Lone Learner
Lone Learner

Reputation: 20628

zsh is not splitting by IFS after parameter expansion

This is my code to loop over colon separated values and do something with each value.

f()
{
    IFS=:
    for arg in $1
    do
        echo arg: $arg
    done
}

f foo:bar:baz

This works fine in most POSIX compliant shells.

$ dash foo.sh
arg: foo
arg: bar
arg: baz
$ bash foo.sh
arg: foo
arg: bar
arg: baz
$ ksh foo.sh
arg: foo
arg: bar
arg: baz
$ posh foo.sh
arg: foo
arg: bar
arg: baz
$ yash foo.sh
arg: foo
arg: bar
arg: baz

But it does not work as expected in zsh.

$ zsh foo.sh
arg: foo:bar:baz

Is zsh in violation of POSIX here?

Upvotes: 6

Views: 1337

Answers (2)

hchbaw
hchbaw

Reputation: 5309

Yes. Zsh has chosen its own way.

Here is the zsh faq entry: “3.1: Why does $var where var="foo bar" not do what I expect?”

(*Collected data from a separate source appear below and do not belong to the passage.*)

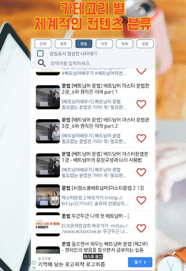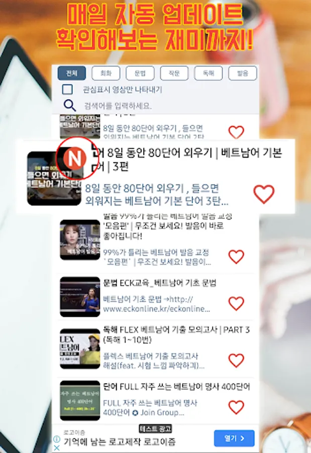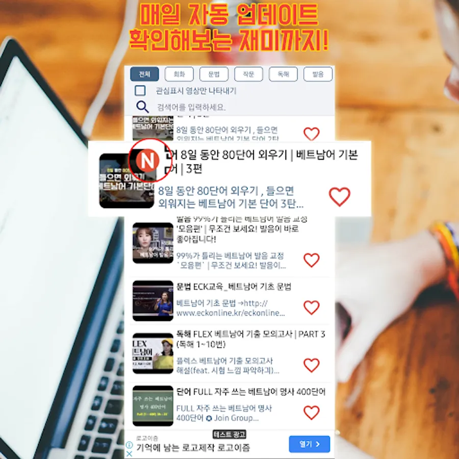 베트남 시작단계부터 숙련단계까지 매일 업데이트 되는 컨텐츠 학습영상을 통해 단련하시길 바랍니다.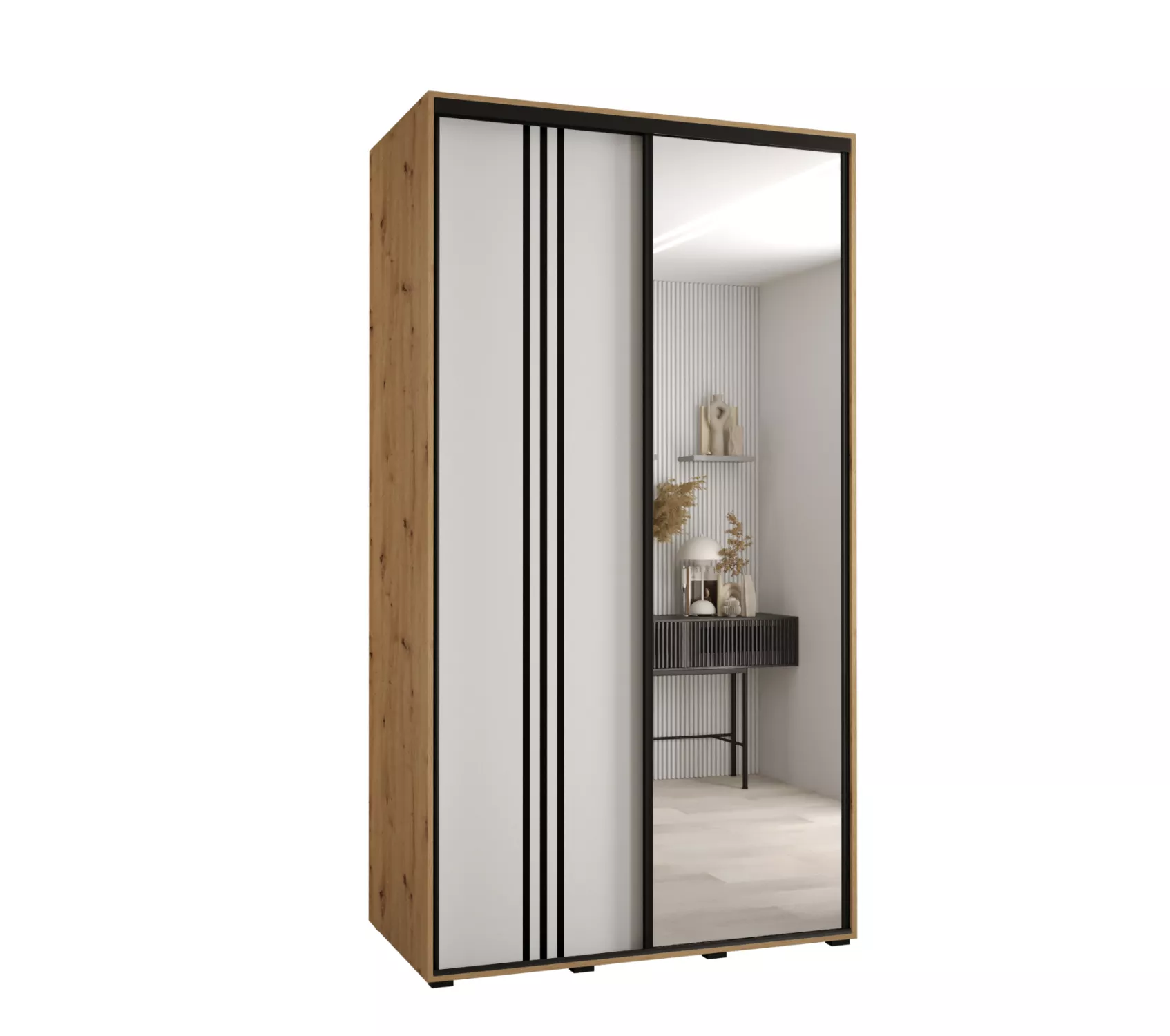 Šatní skříň YVONA 7 - 140/60 cm, dub artisan / bílá / černá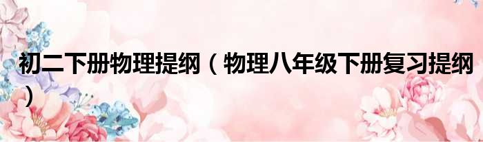 大家好,今天小六子来为大家解答以下的问题,关于初二下册物理提纲,物理八年级下册复习提纲这个很多人还不知道,现在让我们一起来看看吧!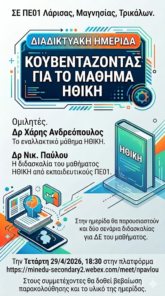 Διαδικτυακή ημερίδα με θέμα το νέο, εναλλακτικό σε σχέση με τα Θρησκευτικά, μάθημα της «Ηθικής» διοργανώνει ο Σύμβουλος Εκπαίδευσης κλ. ΠΕ01 Θεολόγων Λάρισας, Μαγνησίας και Τρικάλων Δρ. Νίκος Παύλου, σήμερα Τετάρτη (29-04-2026) στις 6.30 μ.μ.
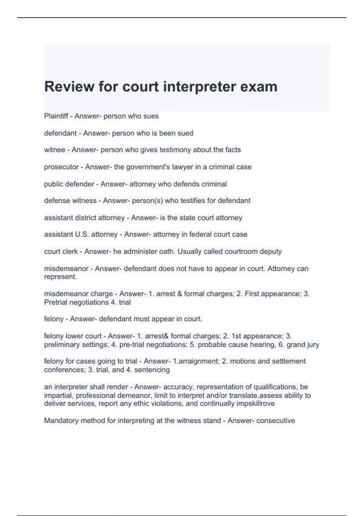 COURT INTERPRETER WRITTEN EXAM Court Interpreter Stuvia US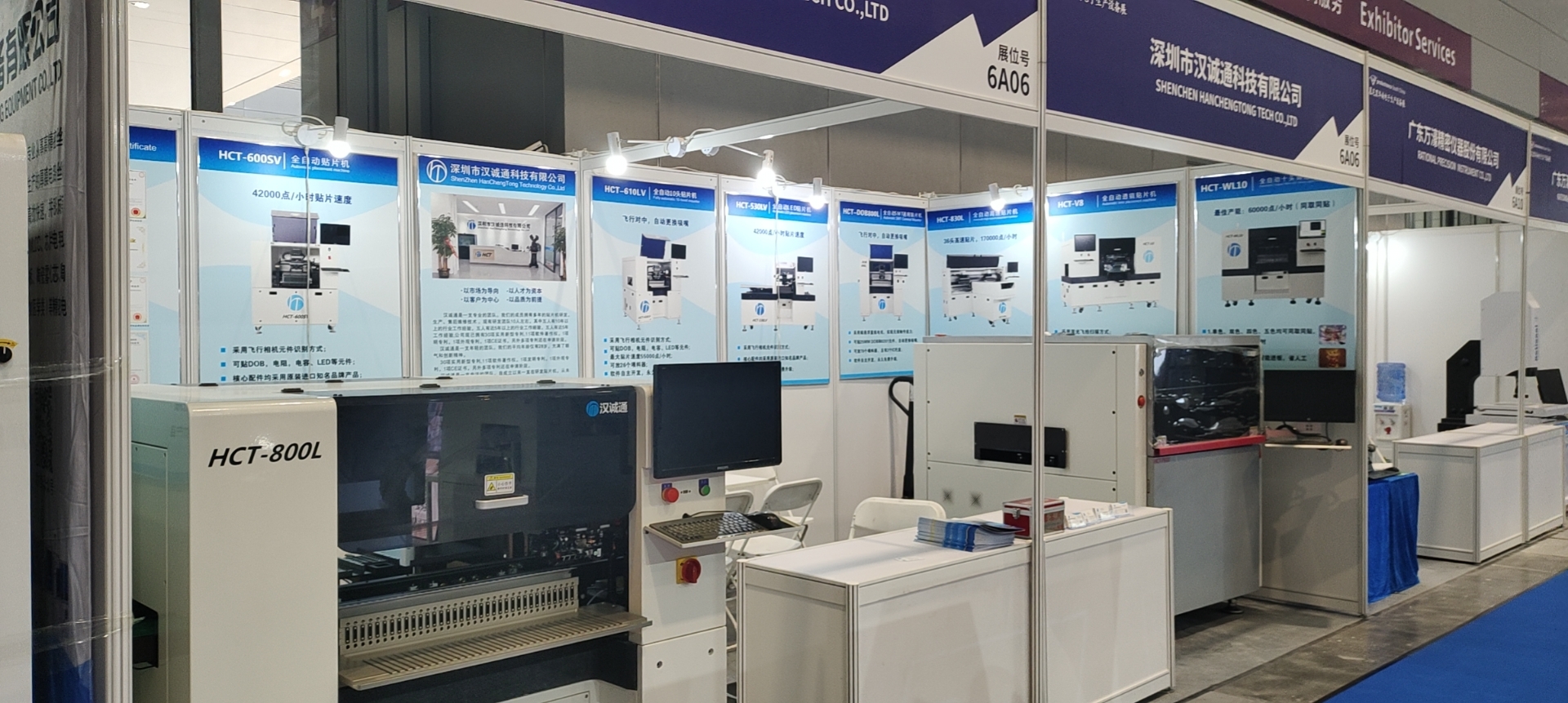 受大環(huán)境的影響,慕尼黑上海展今年取消了,一年一度的華南慕尼黑電子設(shè)備展已開幕,漢誠通科技展出DOB貼片機和全自動錫膏印刷機。
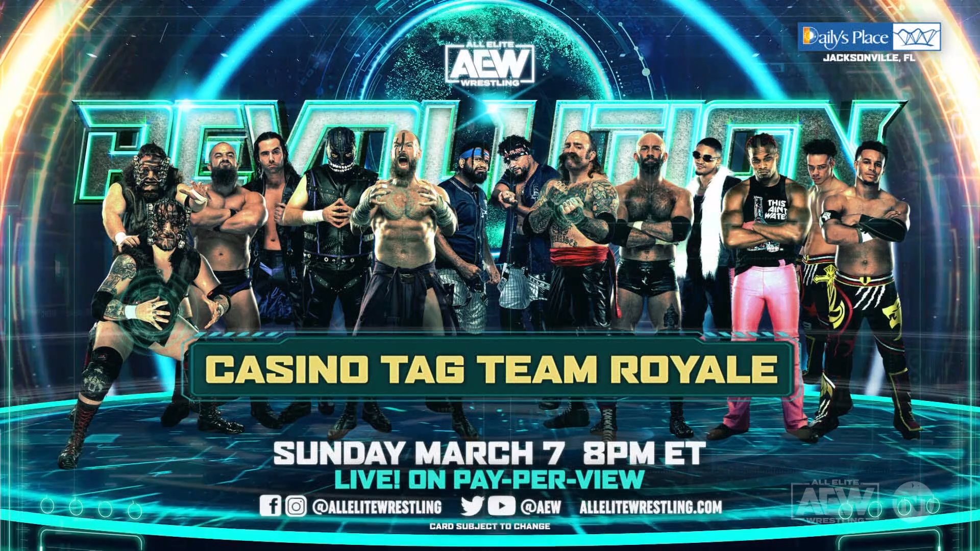 A Casino Tag Team Royale for a future Tag Team title shot will take place with seven teams announced. Bear County, Alex Reynolds and John Silver, Evil Uno and Stu Grayson, Ortiz & Santana, The Butcher and The Blade, Private Party and Top Flight were shown as participants during the announcement with more teams expected to be announced prior to Revolution.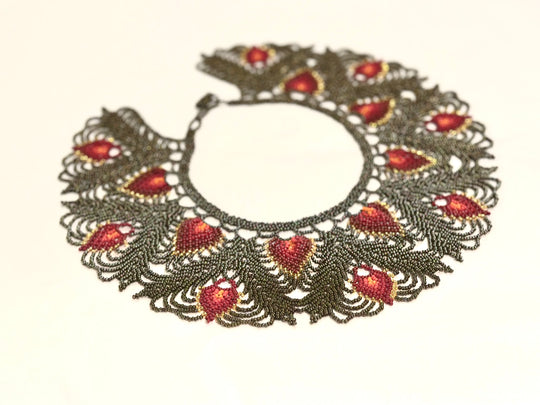This product was made in Saraguro, Ecuador, by kichwa women who wear traditional necklaces in similar shape, but make new contemporary designs, advancing an indigenous aesthetic into something more modern. Materials: 11/0 Beads Dimensions: Inside Diameter:...Regular price $234.99 -
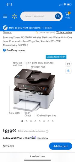 Samsung Xpress M2070W Wireless Monochrome Laser Printer $250Scottsdale, AZ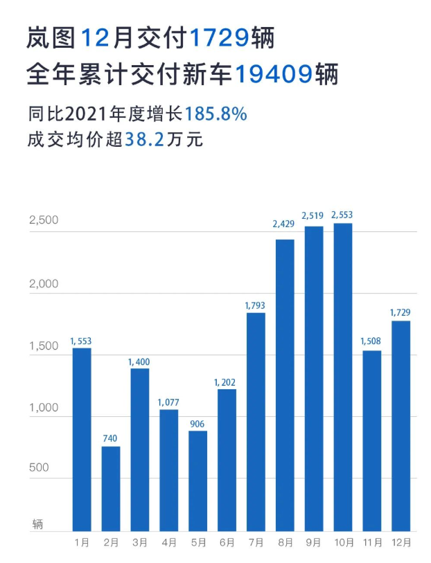 2022年12月嵐圖交付新車1,729輛,環(huán)比增長14.7%;2022年1月至12月嵐圖累計(jì)交付新車19,409輛,單車均價(jià)超38.2萬元。
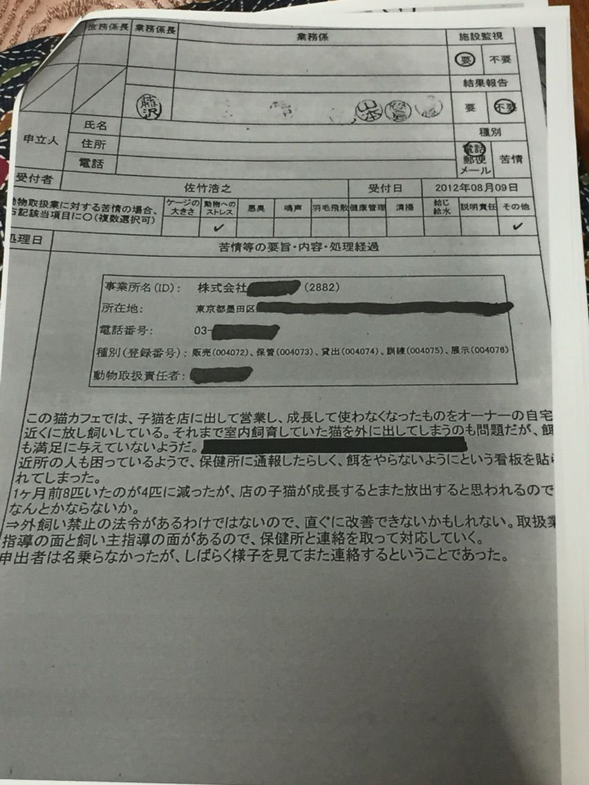 2012年7月から8月にかけては、成長して販売ができなくなった去勢していない猫達を経営者の自宅付近で放し飼いをして、地域の猫と交配をしてしまう、糞尿の匂いがひどい…等々近隣住民から再三再四にわたる苦情が寄せられるという、取扱事業者にあるまじき驚愕の状況でした。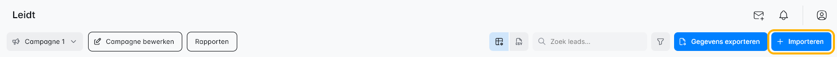 Klik op de naam van de campagne die je wilt uitbreiden. Dit brengt je naar de Leads Lijst-pagina, waar je een glanzende knop vindt met de tekst "Importeren". Klik erop en upload je CSV-bestand gevuld met nieuwe leads, of kies ervoor om een Zoek-URL toe te voegen.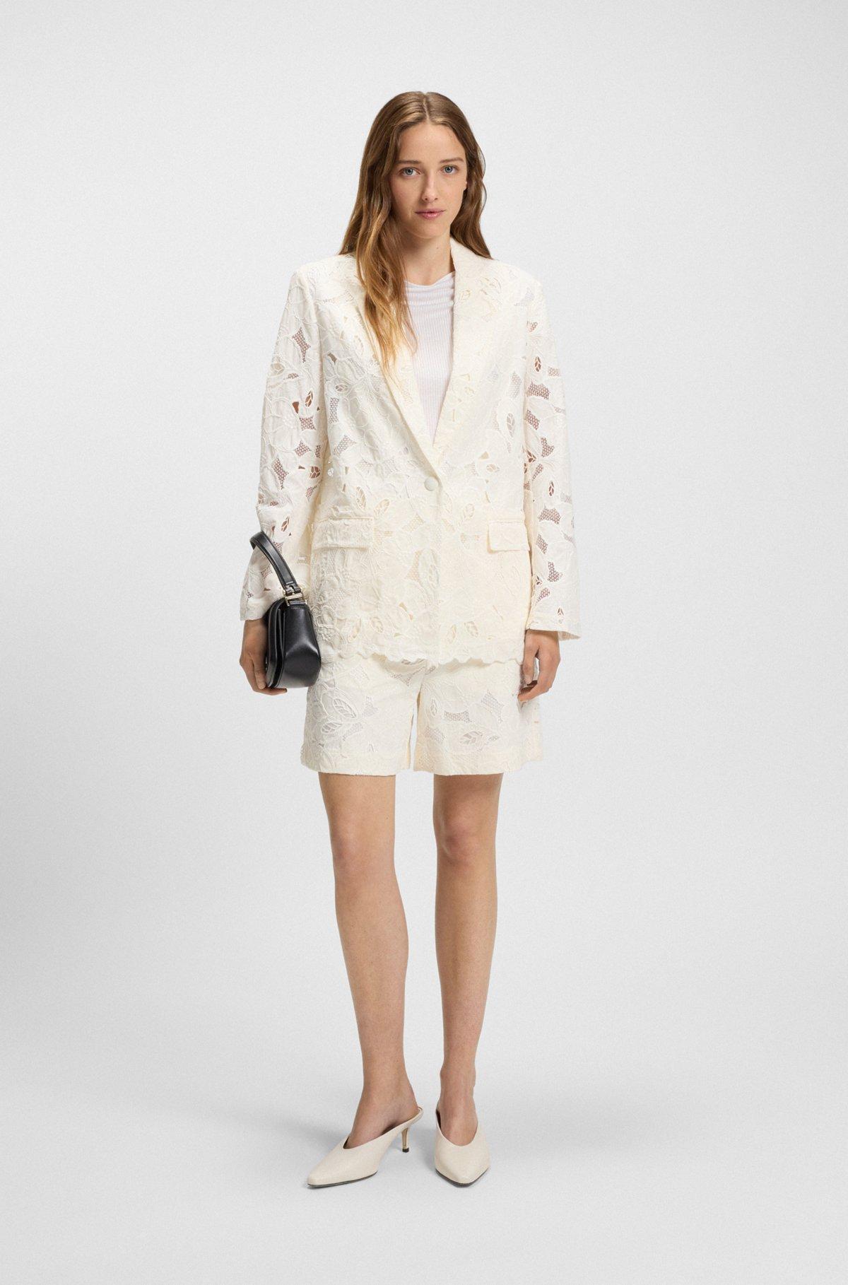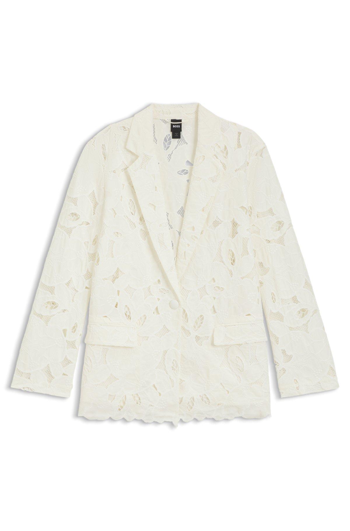 With elegant embroidery, this BOSS Womenswear blazer is crafted in an extra-soft bamboo blend. Modern laid-back fit with a single-button closure.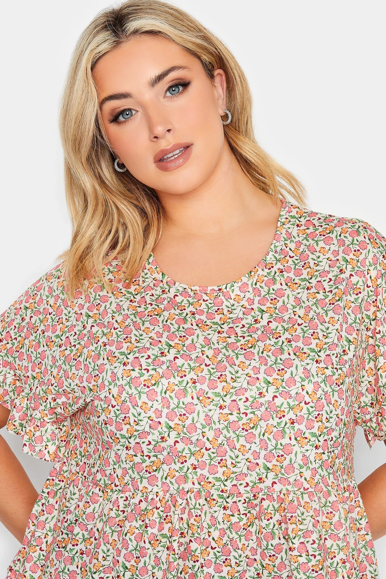Introduce this peplum top into your new season collection. Made from a comfortable jersey fabric, it features a ditsy floral print with short frill sleeves and a scoop neckline. Team with jeans and sandals for an effortless summer look.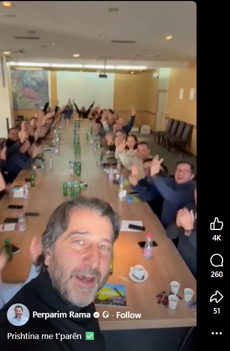 Është publikuar një imazh i cili paraqet kryetarin e Prishtinës, Përparim Rama, në një tavolinë përplot ushqim, e dhjetëra njerëz të ulur përreth saj. Sipas imazhit, kryetari Rama është duke shkrepur ‘selfie’ ndërsa personat në fotografi kanë ngritur duart lartë.

In this particular case, you could workaround by adding the -y option to the zsh invocation:

$ zsh -y foo.sh
arg: foo
arg: bar
arg: baz

You could take a look at the zsh's faq especially the chapter 2 and 3. The more you've experienced other shells, the more you can find zsh's pitfalls.

Upvotes: 3

Micah Elliott
Micah Elliott

Reputation: 10264

In Zsh it is usually cleaner to split with the provided (s) flag (vs using IFS). A solution for your data would then be:

% f() { for e in ${(s.:.)1}; print $e }
% f foo:bar:baz
foo
bar
baz

See the PARAMETER EXPANSION section in zshexpn(1) man page for more details and related flags.